You are correct, you don't need a curb cut if you have a manual wheelchair with somebody help you but, if you are in a power wheelchair there is no other way to get up on the sidewalk without a curb cut. Some of us have no other option than to use a power wheelchair because of our disability. Like you I never ask for anything in my life and always was a giver but when I became disabled because of a severe illness I certainly learned to appreciate small things that made my life easier. Curb cuts, ramps etc. may seem silly and a wasteful expense to you but when you are at the point in life that you need them they are wonderful!



conarb said:


> Number One the private right of enforcement must go, and all of it must go, it legalizes extortion.



I agree, private enforcement is a curse and should be eliminated. However, the only way to eliminate it is to have some kind of public enforcement. Otherwise, everybody will just totally ignore the ADA everyplace. They already ignore it here in Kentucky because there is no means of private enforcement and government and code officials just look the other way! There should be a enforcement method implemented in all parts of the country so that everything is on an equal playing field.


----------



## conarb (Dec 10, 2017)

Msradell said:


> You are correct, you don't need a curb cut if you have a manual wheelchair with somebody help you but, if you are in a power wheelchair there is no other way to get up on the sidewalk without a curb cut. Some of us have no other option than to use a power wheelchair because of our disability. Like you I never ask for anything in my life and always was a giver but when I became disabled because of a severe illness I certainly learned to appreciate small things that made my life easier. Curb cuts, ramps etc. may seem silly and a wasteful expense to you but when you are at the point in life that you need them they are wonderful!
> 
> 
> 
> I agree, private enforcement is a curse and should be eliminated. However, the only way to eliminate it is to have some kind of public enforcement. Otherwise, everybody will just totally ignore the ADA everyplace. They already ignore it here in Kentucky because there is no means of private enforcement and government and code officials just look the other way! There should be a enforcement method implemented in all parts of the country so that everything is on an equal playing field.

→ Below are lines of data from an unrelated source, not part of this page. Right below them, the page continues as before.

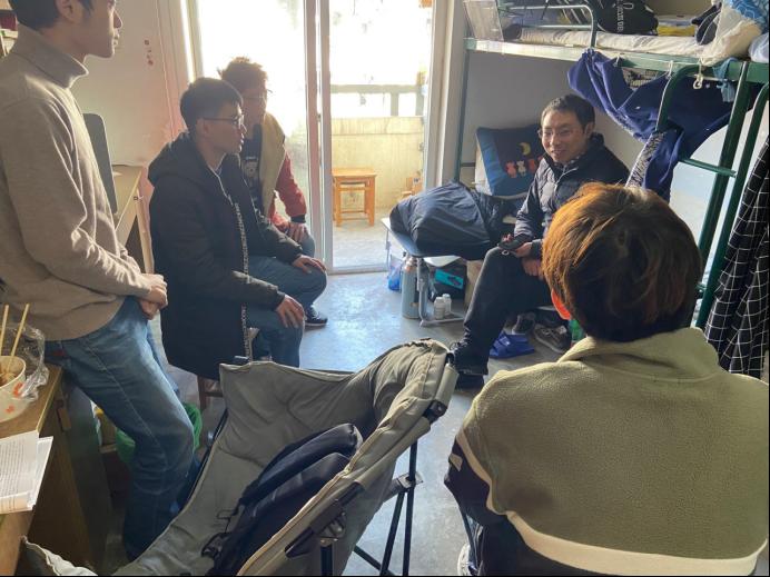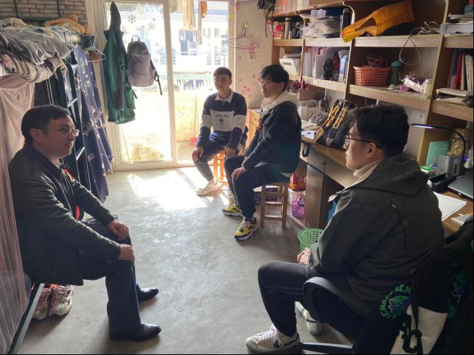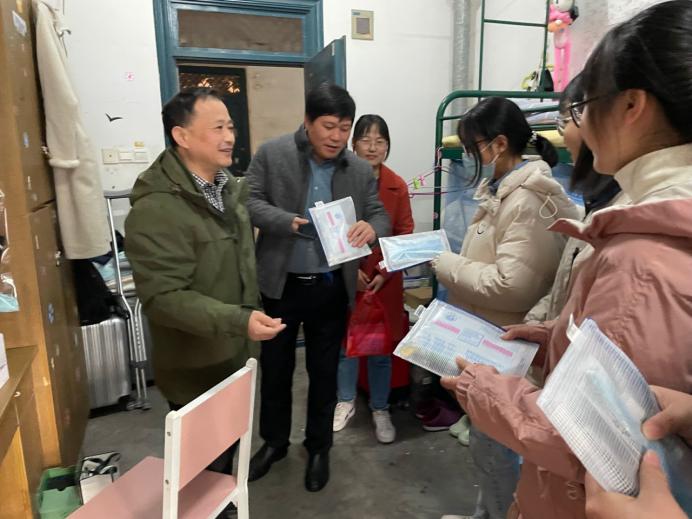 慰问中,汪春胜、汪和平一行亲切地询问同学们的备考状态,对考研学生积极备考、勤奋学习的表现给予了肯定与鼓励,鼓励大家树立远大目标、实现人生理想;同时也叮嘱学生要劳逸结合、科学备考,以最饱满的状态参加考试。汪春胜提醒同学们提前熟悉考试规则和要求,准备好相关证件和考试用品,加强疫情防控意识,做好考研期间的自我防护工作。王功成、郜振华、王付宇分别进入宿舍,送上慰问品,耐心地倾听同学们的备考烦恼与困惑,引导同学们以积极平和的心态面对考试,祝福同学们取得优异成绩。
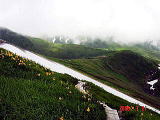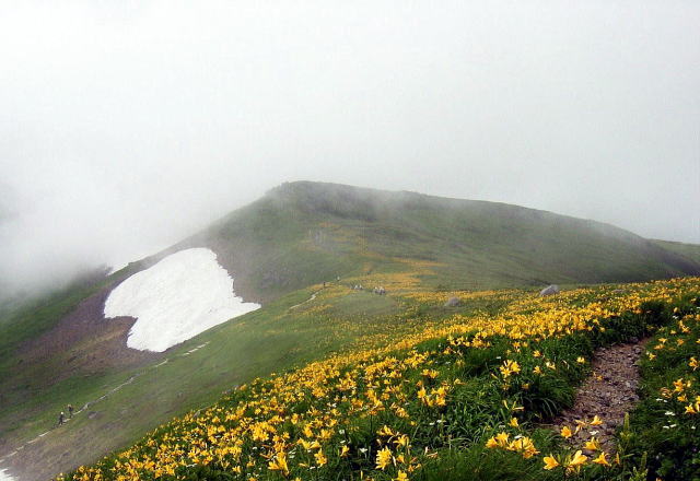 山道周辺に咲き綻ぶニッコウキスゲの大群落には、大自然のパワーをもらった
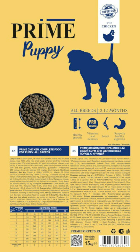 Prime Puppy сухой корм для щенков всех пород с 2 до 12 месяцев, с курицей - 15 кг информация:

Now we are getting somewhere, get rid of private enforcement, grandfather existing businesses in like Canada does, this generation of handicapped people will suffer inconveniences just like all prior generations of handicapped people, but life will be better and/or easier for future generations.

Another issue here, I know the owner John Herrington, he is another Stanford guy (we stick together) he is also a developer and I am frankly surprised that he has held on to that restaurant as long as he has, I suspect that he wants to hold on to that leased site and redevelop it into something more profitable, but we are surrounded by Democrats and as soon as he made application to redevelop that property there would be demonstrations and pickets all over the place screaming "Save  the Rail Car", "Save Vic Stewart", so he can use the ADA as an excuse to redevelope the property into something more profitable.    This is mere speculation on my part, but people use bad law to their advantage, and if I am wrong I apologize to John.



			
				Wikipedia said:
			
		

> In the Reagan Administration, Herrington served as Assistant Secretary of the Navy (Manpower and Reserve Affairs) from 1981 to 1983, deputy assistant for presidential personnel from 1983 to 1985, and Secretary of Energy from 1985 to 1989.
> 
> After government service, Herrington was the Chairman of Harcourt, Brace, Jovanovich, Inc. Herrington remains active in politics in his home state, having served for a time as Chairman of the California Republican Party. He currently owns Vic Stewart's, a nationally recognized steakhouse, with locations in Contra Costa County: Walnut Creek and Brentwood. He also develops real estate, and acts as an advisor to numerous corporations.¹




¹ https://en.wikipedia.org/wiki/John_S._Herrington


----------



## tmurray (Dec 11, 2017)

conarb said:


> ... I don't even agree with the curb cuts being fine, having pushed friends in wheelchairs I find it no burden to turn around and pull the chair up over the curb.   I have never in my life asked for special consideration...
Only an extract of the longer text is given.